「アルジャーノンに花束を」あらすじ、感想

ダニエル・キイスの不朽の名作

ダニエル・キイスの不朽の名作「アルジャーノンに花束を」。

TikTokやYouTubeでけんごさんという方が紹介し、若者たちの間で人気が広がり再び話題を呼んでいるそうです。

それで中学生の息子が去年購入した「アルジャーノンに花束を」を、20年以上の時を経て再読してみました。

あらすじ(未読の方注意)

知的障害をもつ32歳のチャーリー。

幼児程度の知能でありながらもパン屋の下働きとして真面目に働き、明るく前向きに暮らすチャーリーの元に、ある日夢のような話が舞い込んできた。

頭が良くなる手術があるという。

知能向上への意欲や希望、知能テストの結果、家族の同意などにより選ばれたチャーリー。

だがその手術に成功したのはアルジャーノンというネズミのみで、人間ではまだ試していない。

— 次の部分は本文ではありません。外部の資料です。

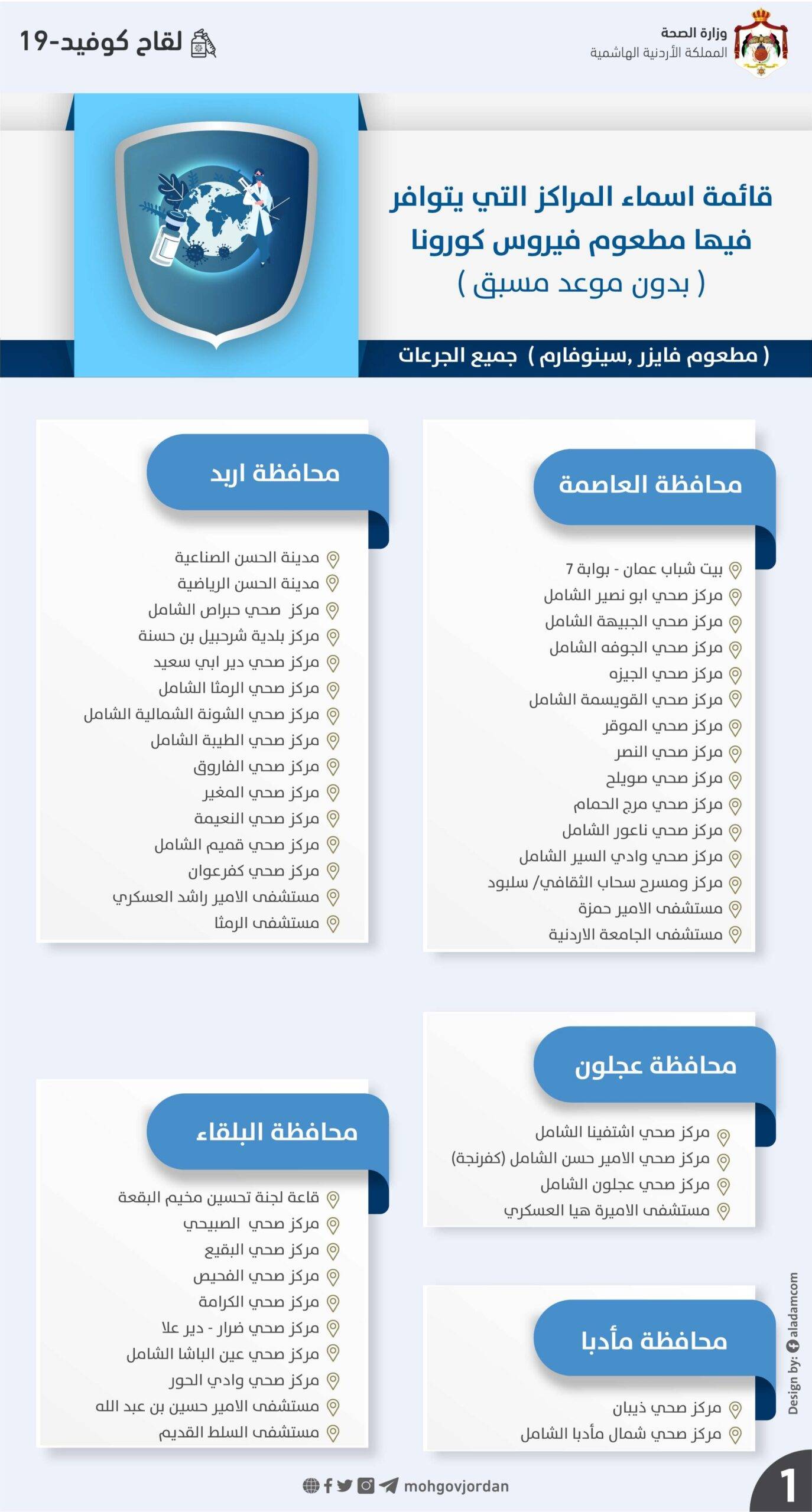 ويكون دوام مراكز المطاعيم من الساعة 9:00 صباحاً – 2:00 مساءً.

「みんなみたいに利口になりたい。みんなの会話に入ってみたい。字の読み書きがしたい。勉強がしたい」

学ぶことへの憧れを強く持つチャーリーは未知の手術の最初の一人となった。

 

手術は成功し、徐々に効果は表れ始める。

いつしか自分が尊敬していた大学教授たちをしのぐほどの成長を遂げていた。

チャーリーはたった数か月で人並み以上の知能を手に入れたのだった。

いつの間にか天才と呼ばれた。

恋も知った。

だけど以前より孤独だった。

 

頭が良くなればみんなの仲間に入れる。友達がいっぱいできると信じていたチャーリーに待ち受けていた現実とは。

友達だと思っていた人々が自分にしていたこと。

家族との辛い思い出。

知能の向上に対し追い付かない情緒に悩まされるチャーリー。

以前とは比べ物にならない知能を手に入れたが、以前持っていた明るさや純粋さ、人としての輝きは失われていった。

次第に周りとの関係は深刻なものとなり、さらにアルジャーノンには良くない変化が見え始め…

 

試練に抗いながらも懸命に生きた、アルジャーノンとチャーリーの物語。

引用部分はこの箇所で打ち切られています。